Even though in recent years, a number of methods have been proposed for seizure detection, the subpattern correlation between EEG signals has not been explored in a broad manner. Subpattern correlation plays an important role in capturing informative features in a local subpattern set which could be used further in the decision making process. While recording an EEG signal, each action or abnormality possess some unique pattern. SpPCA and SubXPCA can be used to extract these hidden patterns for signal classification. The effectiveness of subpattern based feature reduction techniques for seizure detection in EEG signals has not been investigated so far. In this study, two effective approaches called SpPCA and SubXPCA are applied for feature extraction [21, 22]. Both the methods explores the subpattern correlation between EEG signals in each subpattern set. Once the feature extraction step is over, the feature vectors are fed to SVM and the classification is performed. SVM has been widely used for classification of non-stationary signals, including EEG signals [18, 23]. The experiment has been carried out with the benchmark epilepsy dataset. For evaluating the performances of the proposed approaches, ten fold cross validation is used and classification accuracy is recorded.
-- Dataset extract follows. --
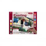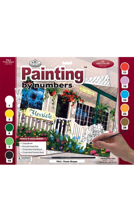 Setul de pictura pe numere contine un sabloan cu tema "Florarie", 10 borcanele cu vopsea acrilica numerotate, 1 pensula Taklon .
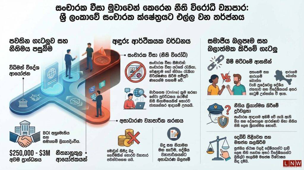 මාර්තු 18, කොළඹ (LNW): ශ්රී ලංකාවේ සංචාරක කර්මාන්තය නැවත නැඟී සිටීම බොහෝවිට ආර්ථික ජයග්රහණයක් ලෙස ඉදිරිපත් කළත් එම පැහැදිලි ප්රතිරූපයට යට වුන තවත් බරපතළ ගැටලුවක් ඉදිරියට නිර්මාණය වෙමින් පවතී. ඒ සංචාරකයන්ගේ පුරප්පාඩුව නම් නොව සංචාරක වීසා යටතේ පැමිණෙන විදේශිකයන් විසින් නීති උල්ලංඝනය කරමින් ව්යාපාර පවත්වාගෙන යාම සහ ඒවා පැහැදිලිව පෙනෙන පරිදි සමෘද්ධිමත් වීමට ඉඩ සලසන බලධාරින්ගේ පැහැදිලි අසාර්ථකත්වය වේ.

The remaining content of the paper is presented in the following sections. The methodology and materials used are described in “Methodology and materials”. Experimental results are shown in “Experimental results and discussion”. Finally, “Conclusions and future work” concludes the article with future direction.

Methodology and materials

Since the invention of PCA, it has been used in many applications including EEG signal processing. The abnormality or disorder recorded in EEG signal posses certain unique patterns. It is very crucial to capture these hidden patterns for correct diagnosis. PCA focus on the extraction of global features and hence its capability for detecting these unique patterns becomes limited. On the other hand, SpPCA and SubXPCA divide the input pattern set into subpattern sets and extracted features from each of the subsets locally. As a result of which, both the techniques capture the hidden unique patterns and the chances for the correct diagnosis of a disorder is maximized. Along with this, time and space complexities also play an important role in evaluating the effectiveness in real time applications. PCA is well-known to have a high time and space complexities. Whereas, the time and space complexities of these partition based PCA techniques are less as compared to PCA.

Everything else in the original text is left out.